Poem 71-25 (Me)
Color woodcut with cement mold embossing, 1971
Signed, titled and numbered in pencil (see photos)
Edition 100 (55/100) (see photo)
Signed with the artist's stamp lower right of image (see photo)
COVER IMAGE, The Life and Works of Haku Maki, Daniel Tretiak, 2007, hence an imnportant print by the artist
Conditon: Excellent
Never framed
Colors very fresh and vibrant
Soft folds in the small upper margin (usual)
Image size: 30 x 19 1/4 inches
Reference: Haku Maki No. 942
Haku Maki (1924-2000)
Born in Asomachi, Ibaraki prefecture, in 1924, Haku Maki 巻 白 served in the WWII before becoming a high school teacher in 1950. Around this time he began to produce his mixed media-prints. While his process began with carving a woodblock, he would the add cement around the carved areas.

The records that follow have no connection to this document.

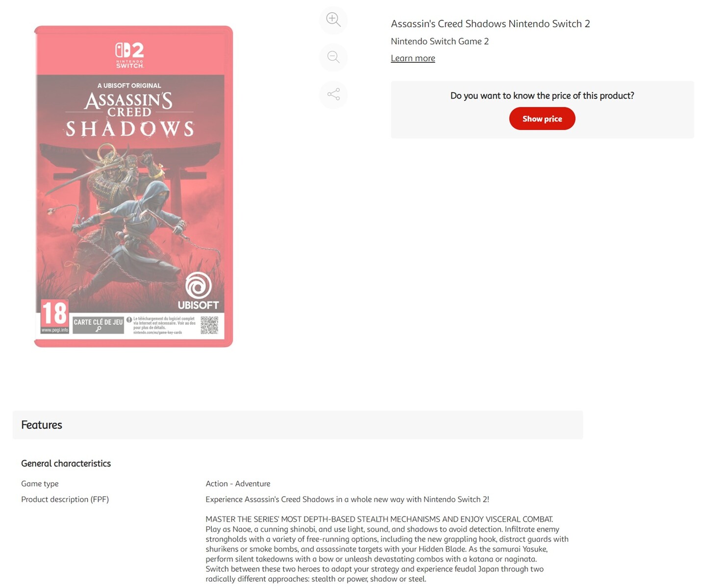 After rumors and hints from Ubisoft, an Assassin's Creed Shadows Switch 2 release looks more like a certainty. A listing with a detailed cover has appeared at the French retailer, Auchan. While there is no price or release date, the store confirms some other details. Of significance, like Star Wars Outlaws, the Assassin's Creed Shadows Switch 2 port will ship on a Game-Key Card.
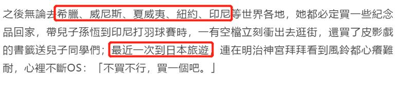 近些年,林美贞还先后去了希腊、威尼斯、夏威夷、纽约、印尼,以及日本等地旅游,每到一个地方都会购入各种纪念品回家。连在日本看到的风铃,都能让她心动。
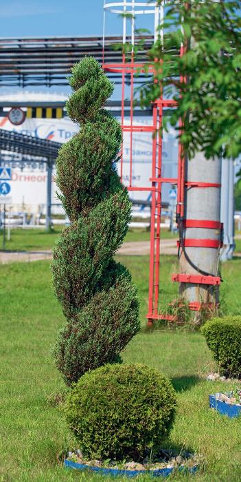 Несколько растений он высадил и на станции: скальный голубой можжевельник, шаровидные и западные туи, аккуратно подстриженные в виде спирали. Подстригать кустарник несложно, говорит садовод, но это длительный процесс — нужно несколько лет, чтобы добиться идеальной формы. На вопрос, что же самое приятное в таком творчестве — процесс возделывания или конечный результат трудов, Александр отвечает: «Взгляду нужно остановиться на чем-то прекрасном».
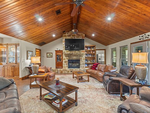 Welcome to this stunning custom lake-view retreat in the gated Texoma Bluffs community of Gordonville, Texas. Set on 2.18 acres overlooking beautiful Lake Texoma and Corps of Engineers land, this 3-bedroom, 4-bath home blends luxury and tranquility. Soaring vaulted ceilings and a wall of windows fill the living room with natural light and showcase panoramic lake views. The gourmet kitchen features walnut cabinetry, granite counters, and an expansive island, perfect for entertaining. The primary suite offers a spa-style bath and a secure walk-in closet. Outdoors, enjoy a covered patio ideal for gatherings, and lush landscaping designed for privacy. Built in 2011, this home delivers energy efficiency and modern comfort. Experience lake living at its finest—serene, sophisticated, and just minutes from Lake Texoma recreation.
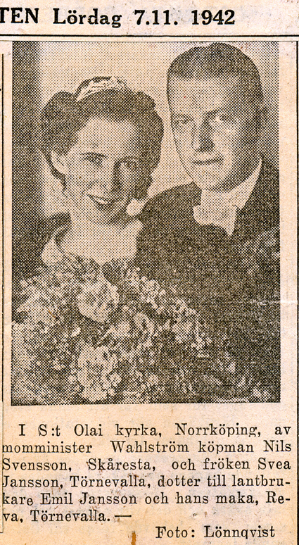 | Svensson, Nils, köpman, Skåresta med hustru Svea Jansson, dotter till Emil Jansson, Reva. Det var Reva Västergård där Brånby kom sen. | 1942 | ||
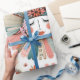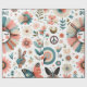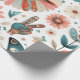 Espalhe as vibrações da paz e do amor com este vibrante e inspirado na boêmia design de papel embrulhado. Apresentando uma bela mulher com a morada de ornamentado cercada por flores brancas, borboletas, pássaros e símbolos de paz em tons quentes de coral, turquesa e tons de terra. Perfeito para embrulho de presente ou artesanato com um talho retrô divertido dos anos 60.
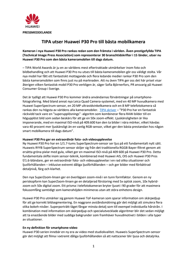 Kameran i nya Huawei P30 Pro rankas redan som den främsta i världen. Även prestigefyllda TIPA (Technical Image Press Association) som representerar 30 branschtidskrifter i 15 länder, utser nu Huawei P30 Pro som den bästa kameramobilen till dags datum.
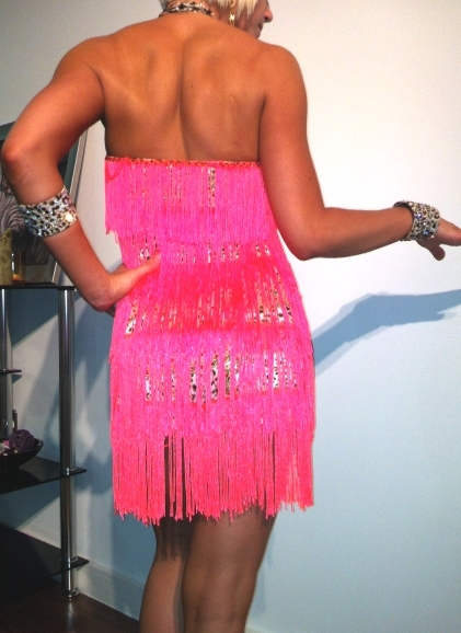 イギリスの豹柄の生地に鮮やかなピンクのフリンジがよく踊るドレスです。アクセサリーは豹柄でフロアで個性が光ります。たくさんのスワロフスキーのストーンが生地の上にちりばめられています。

Once the cement had dried, he would carve over his original lines. This process produced the deep embossing so characteristic of his works. In terms of subject matter, Maki explored abstracted Chinese characters, though also ceramics and persimmons later in life. After 1960, he began to add spots of color to his compositions. A master of modern Japanese abstract printmaking, Maki's work can be found in the collections of the Museum of Modern Art and the British Museum.
“The artist was born with the name Maejima Tadaaki in 1924 in the small town Asomachi in the Ibaraki Prefecture of Japan. He graduated at Ibaraki Teachers' College and became vice-principal of an elementary school there. In 1945 he was in a special squadron of kamikaze pilots and his life was to be ended. However, with the surrender of Japan on August 14, 1945 his life was spared, and he became a teacher at a high school. He studied printmaking at the Modern Print Research Society with Koshiro Onchi andi, in 1950 he changed his name to Haku Maki. His work has a few characteristic design elements for which he became famous - deep embossing and the use of distorted Chinese characters.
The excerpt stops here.